[Data provided — start]

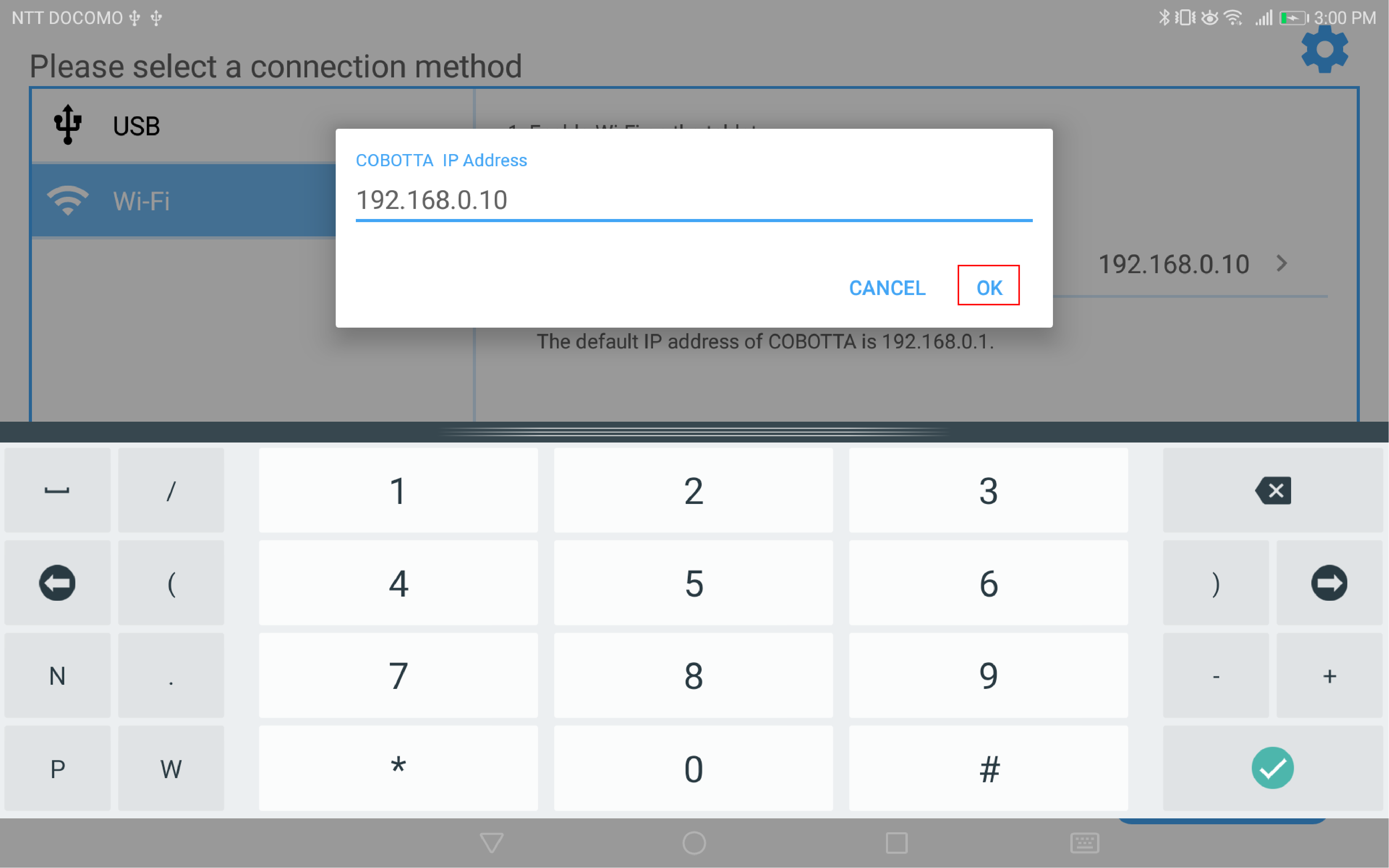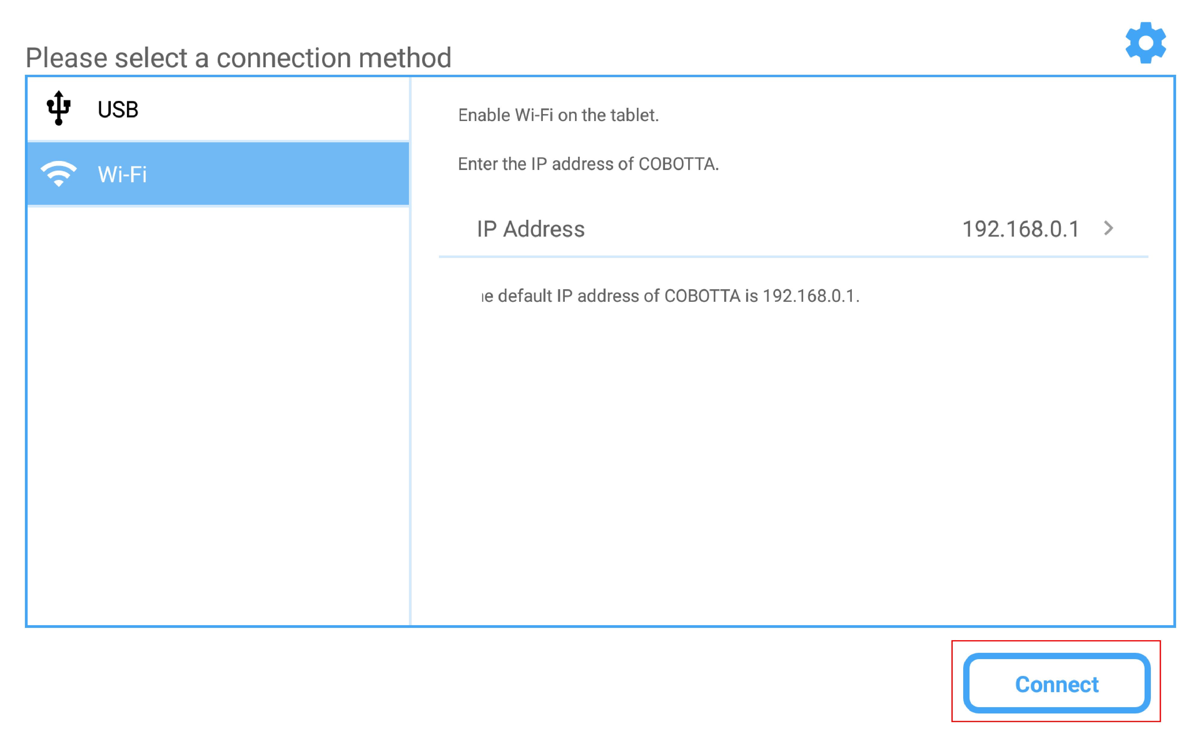 Refer to "Preparing Wi-Fi Connection" if Wi-Fi connection setting (setting for wireless LAN router or IP address of COBOTTA, etc.) is not configured yet.
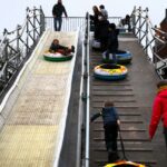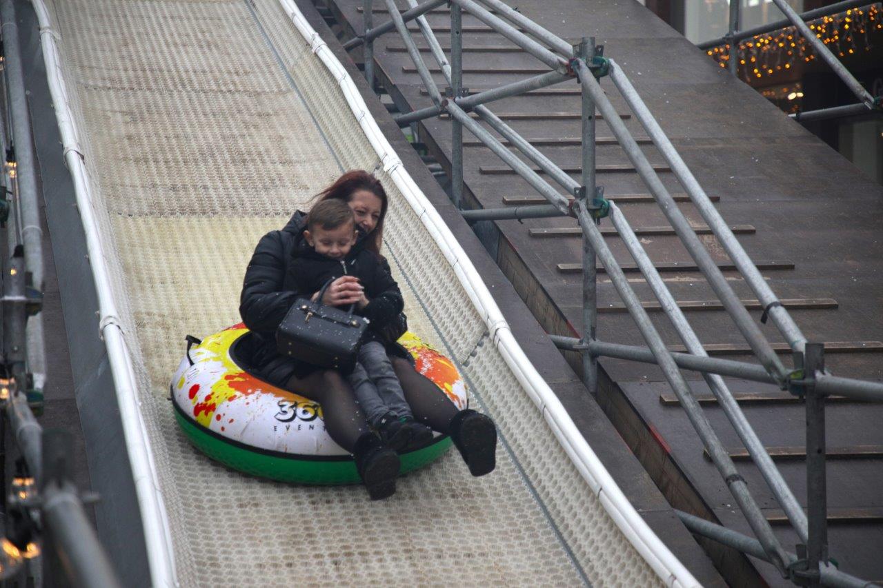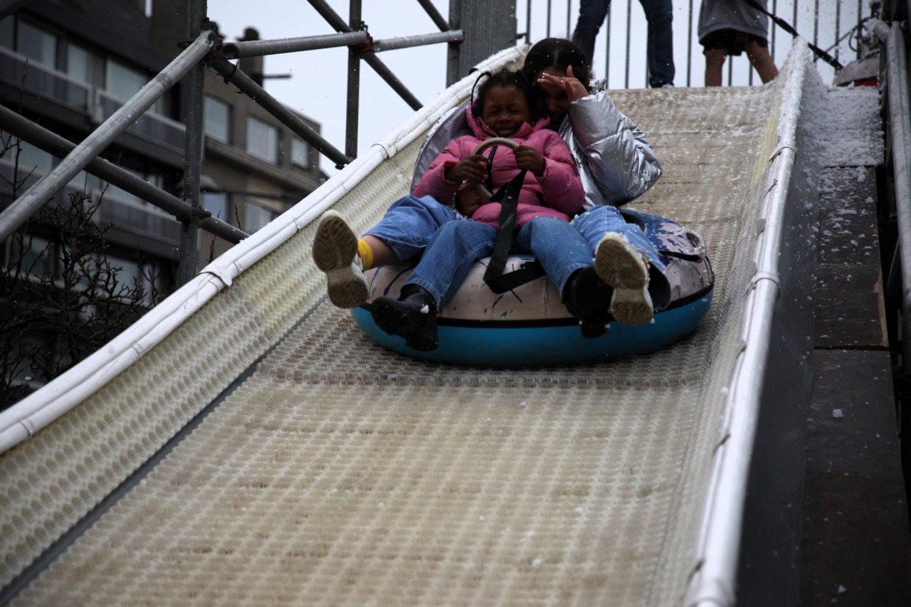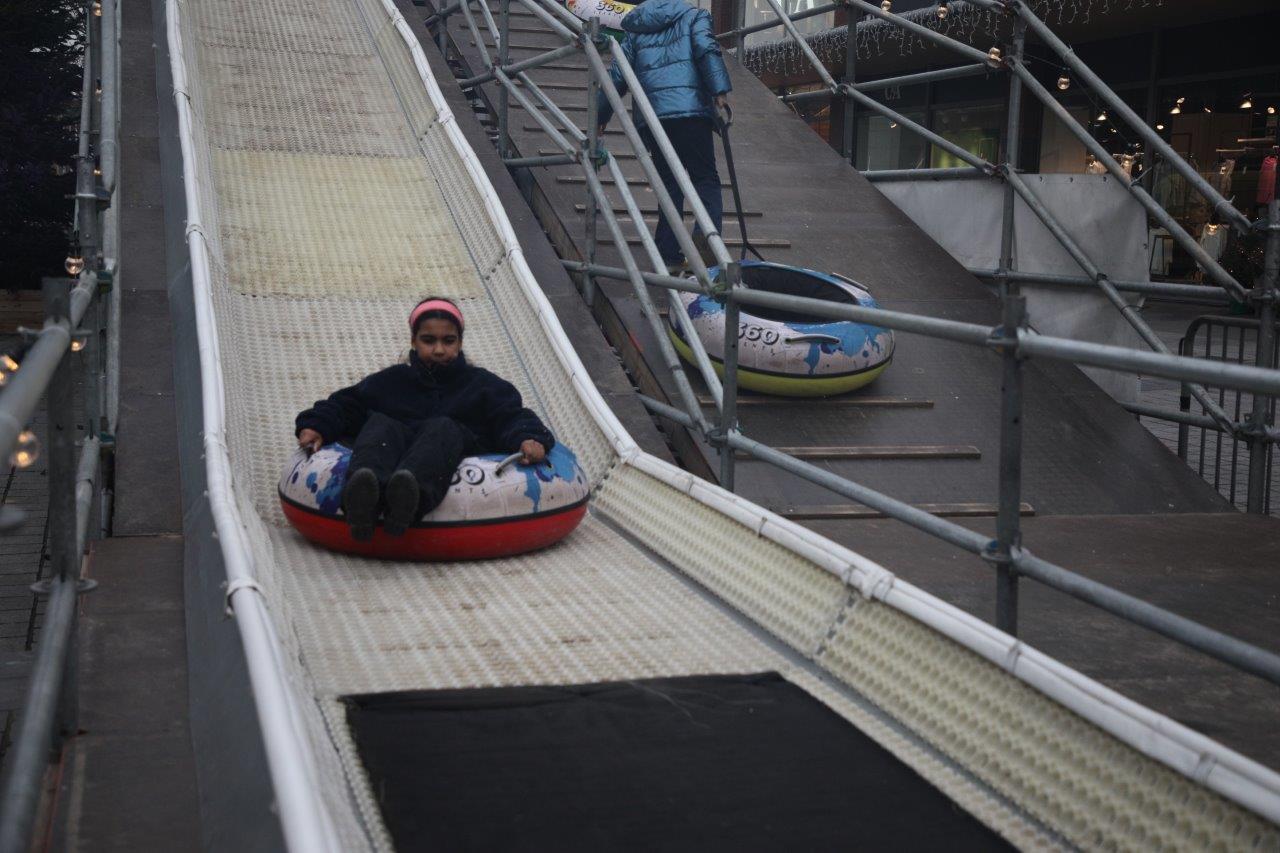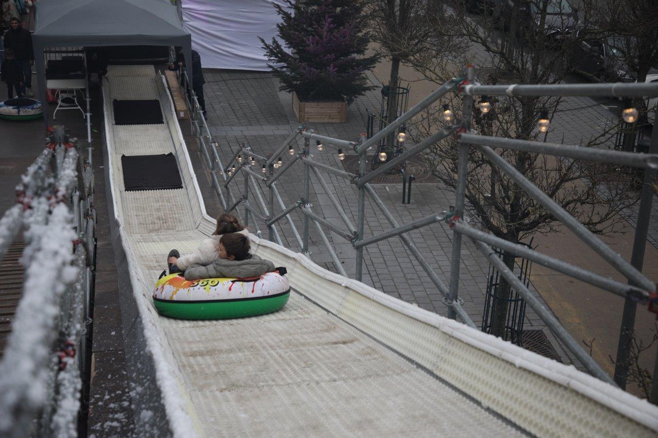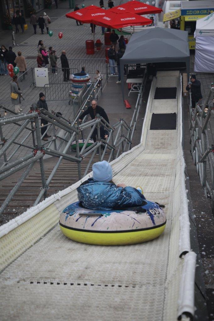 De kerstbandenglijbaan is ook open op vrijdag 22 en zaterdag 23 december, woensdag 27 en donderdag 28 december. Het winterkermisje blijft nog tot 31 december staan.
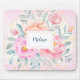 Monogram Watercolor Peonies Roses Pink Floral Mouse Mat
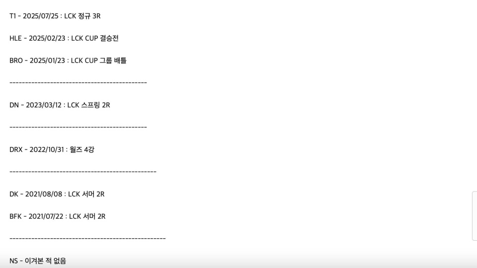 连输20场确实抽象,但LCK还有一支队伍,比DK更惨,NS从19年入驻LCK开始,就从来没在BO3或者BO5里战胜过GEN,两队的交手次数,保底也有30多场了,7年一场没赢是真抽象,常年垫底的DNS,还在23年的时候击败过GEN呢,不知道今年Scout能不能爆冷,带队打破耻辱记录。
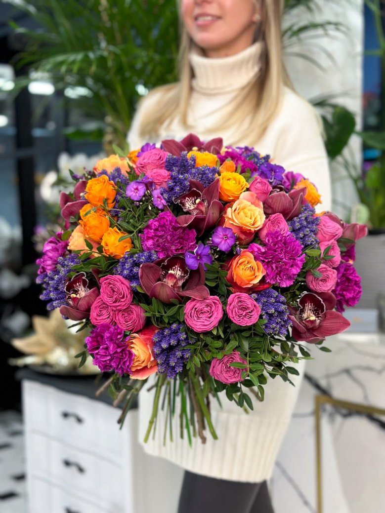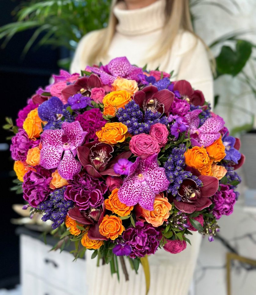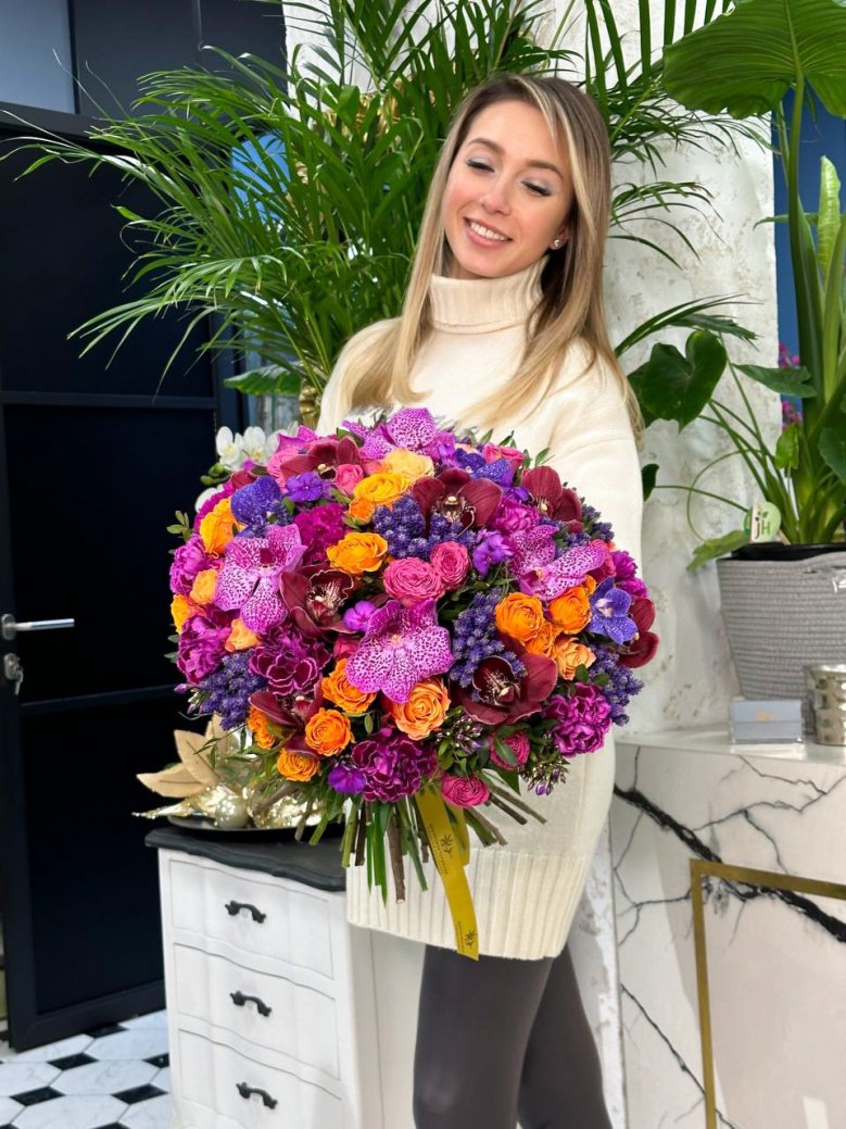 Букет цветов — пионовидные розы, орхидеи, ранункулюсы и целозия
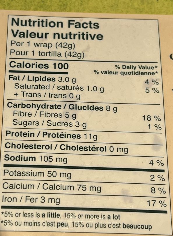 One wrap contains 100 calories, three grams of fat, eight grams of carbohydrates, five grams of fibre, three grams of sugar, 11 grams of protein and 105 milligrams of sodium. Those are pretty awesome nutrition facts for a tortilla! The 11 grams of protein is great. The tortillas aren’t the “cleanest” despite being gluten-free and dairy-free.
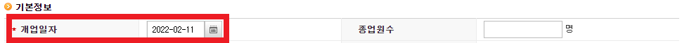 저처럼 사업 소재지를 따로 두지 않았다면, 개업일자에 오늘 날짜를 입력합니다.

[Data provided — finish]

* **Exercise description**
Begin at the first line of the entries above and return each line exactly, stopping after the line that contains "Букет цветов —". Pictures do not belong in the copy.

* **Output below**
 Refer to "Preparing Wi-Fi Connection" if Wi-Fi connection setting (setting for wireless LAN router or IP address of COBOTTA, etc.) is not configured yet.
 De kerstbandenglijbaan is ook open op vrijdag 22 en zaterdag 23 december, woensdag 27 en donderdag 28 december. Het winterkermisje blijft nog tot 31 december staan.
 Monogram Watercolor Peonies Roses Pink Floral Mouse Mat
 连输20场确实抽象,但LCK还有一支队伍,比DK更惨,NS从19年入驻LCK开始,就从来没在BO3或者BO5里战胜过GEN,两队的交手次数,保底也有30多场了,7年一场没赢是真抽象,常年垫底的DNS,还在23年的时候击败过GEN呢,不知道今年Scout能不能爆冷,带队打破耻辱记录。
 Букет цветов — пионовидные розы, орхидеи, ранункулюсы и целозия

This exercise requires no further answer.